Forestry alumnus Charles Backman, BSF 1976, MBA 1986, is currently working on his sixth university degree, despite retiring in August 2020. Charles is also the third generation of a BC forestry family, with a history going back to the early 1900s.
Charles’ grandfather Carl Backman emigrated from Sweden in 1906, and worked in the coastal forest industry. UBC alumnus Gerry Burch, BASc 1948, recalls meeting Carl in 1947. “All falling was done by hand and paid by piece work. Carl’s reputation was that his team earned the highest wages in any camp they worked.”
Carl’s son Bill received a Bachelor of Applied Science (specializing in Forest Engineering) from UBC in 1943. During his time at UBC he was elected President of the AMS, the only forester to ever serve in this role. Bill took a job with Bloedel Steward and Welsh Ltd. after graduation and began a long and successful career.
In 1947 Bill married Elizabeth Anderson, BA 1946, BSW 1947. Charles, their only child, was born in 1953.
Later in his career Bill became Chief Forester of Columbia Cellulose, and in his final year before retirement also served as President of the ABCPF. Bill returned to UBC to obtain an MSc Forestry in 1993, at the age of 74.

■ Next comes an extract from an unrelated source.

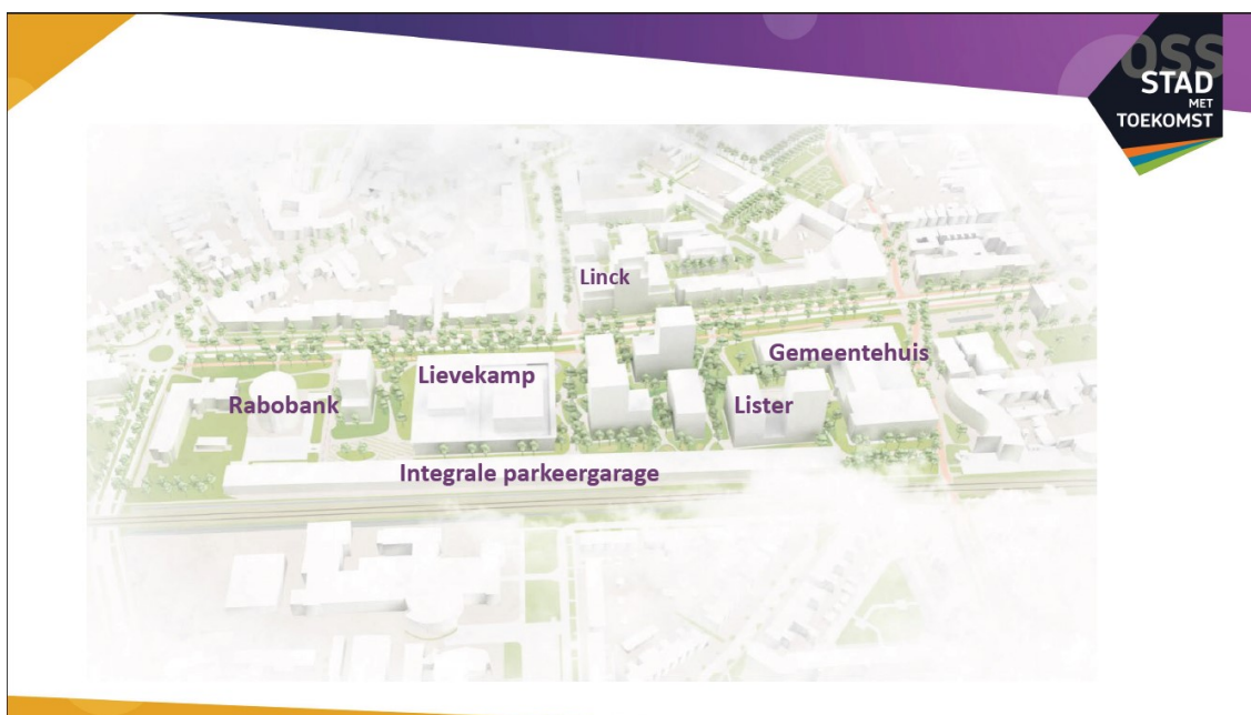
Deze afbeelding laat de toekomstige situatie in het gebied zien (Visie Raadhuislaan): De Lievekamp die straks is uitgebreid; de integrale parkeervoorziening aan de spoorzijde, de ontwikkeling van Lister (bevindt zich nog in de planfase), en het gemeentehuis. Aan de Noorzijde is de ontwikkeling 'Linck' zichtbaar, op de plaats van het voormalige Belastingkantoor.

Bill’s son Charles considered studying science or engineering at UBC, but, “I guess family influence led me into forestry,” he says. Charles received a BSc in Forestry in 1976 and started working for MacMillan Bloedel, coincidentally at the same camp his father had managed 20 years before.
Later, management training led Charles to return to UBC for an MBA, which he received in 1986. In the late 1980s, as perestroika and glasnosttook hold in the Soviet Union, Charles became interested in the impacts on Russian forestry and international trade. Working with faculty members at the University of Washington, he developed a program of graduate research that would take him to Russia and many other countries.
He received an MA in International Studies in 1990 and a PhD in Forest Resource Management in 1993. He then worked in Austria on a sustainable development project focusing on Siberian forest resources for nearly four years, returning to Vancouver after his father had had a stroke.
After Bill died in 1998, Charles accepted a position in the forestry program at Grande Prairie Regional College, where he remained for the rest of his career. “The program was very practical and hands-on, and as a result most of our students had job offers before the start of their last term,” he says.
The 2004-05 economic downturn led to the program’s closure, so Charles pivoted to his skills in international trade and resource development as an instructor in the Business Administration program. By 2006 he was keen to learn more, so he began a PhD in Strategy and Global Management at the University of Calgary.
In 2017 Charles received his fifth degree, after many years of juggling the obligations of family, college and university. Charles’ mother Elizabeth died in 2016.
During their lifetimes Bill and Elizabeth established the Backman Scholarship in Forest Resource Management and the Elizabeth Backman Scholarship in Natural Resources Conservation. Charles has been proud to contribute to these awards since his parents’ deaths.
Today, Charles is pursuing a Master of Science in Quantitative Finance at the University of London, using online learning. “I wanted a program that would be robust, that would force me to focus,” he says. “This degree allows me to keep learning.”
Charles is proof that learning is both limitless and ageless. And through the two family scholarships, he is supporting other students in following their dreams.